(Provided data)
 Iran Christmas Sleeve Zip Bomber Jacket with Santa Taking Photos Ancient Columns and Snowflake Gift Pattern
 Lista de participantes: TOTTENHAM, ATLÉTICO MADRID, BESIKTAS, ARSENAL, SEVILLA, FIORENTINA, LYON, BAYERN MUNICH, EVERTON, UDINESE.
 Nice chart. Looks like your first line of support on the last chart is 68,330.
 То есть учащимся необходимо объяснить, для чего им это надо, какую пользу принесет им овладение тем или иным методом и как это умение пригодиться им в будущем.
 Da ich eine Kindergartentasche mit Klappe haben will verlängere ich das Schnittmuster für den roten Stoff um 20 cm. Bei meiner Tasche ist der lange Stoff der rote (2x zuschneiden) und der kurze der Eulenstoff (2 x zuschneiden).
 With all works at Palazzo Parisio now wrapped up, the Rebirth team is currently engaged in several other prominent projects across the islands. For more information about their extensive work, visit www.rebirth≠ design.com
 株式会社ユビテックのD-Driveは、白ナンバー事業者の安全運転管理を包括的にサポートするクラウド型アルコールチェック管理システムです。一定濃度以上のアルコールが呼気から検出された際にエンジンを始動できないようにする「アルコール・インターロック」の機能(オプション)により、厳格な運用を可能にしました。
(End Provided data)
(Provided data)
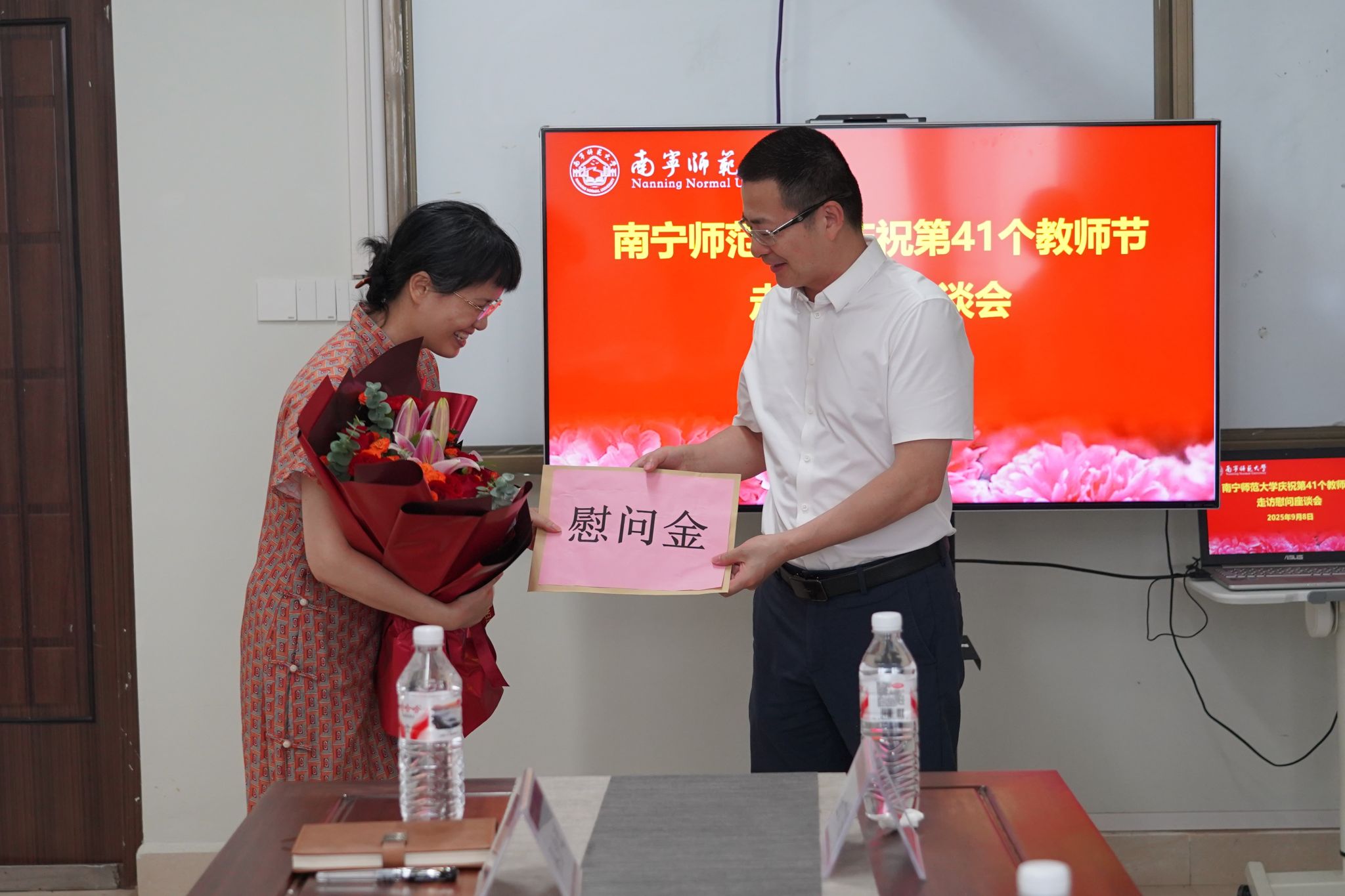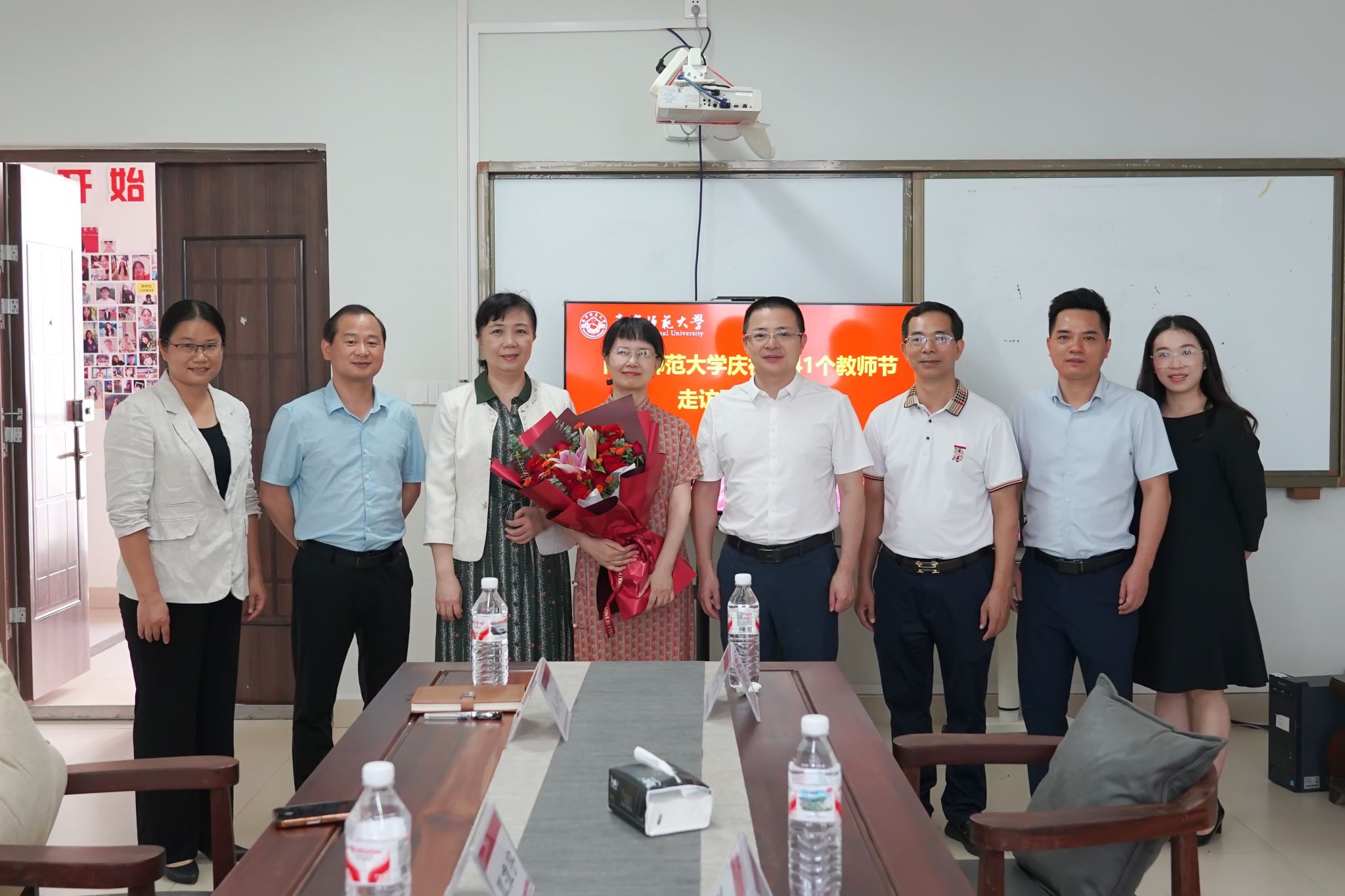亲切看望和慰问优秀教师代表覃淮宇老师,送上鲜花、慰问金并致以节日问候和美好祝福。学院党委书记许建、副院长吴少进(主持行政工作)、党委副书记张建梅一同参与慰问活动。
(End Provided data)
Exercise aim = Begin with the line above that has "Lista de participantes: TOTTENHAM, ATLÉTICO" and continue through the line that has "Nice chart. Looks", setting each one down exactly. Stop there.

Expected output =
 Lista de participantes: TOTTENHAM, ATLÉTICO MADRID, BESIKTAS, ARSENAL, SEVILLA, FIORENTINA, LYON, BAYERN MUNICH, EVERTON, UDINESE.
 Nice chart. Looks like your first line of support on the last chart is 68,330.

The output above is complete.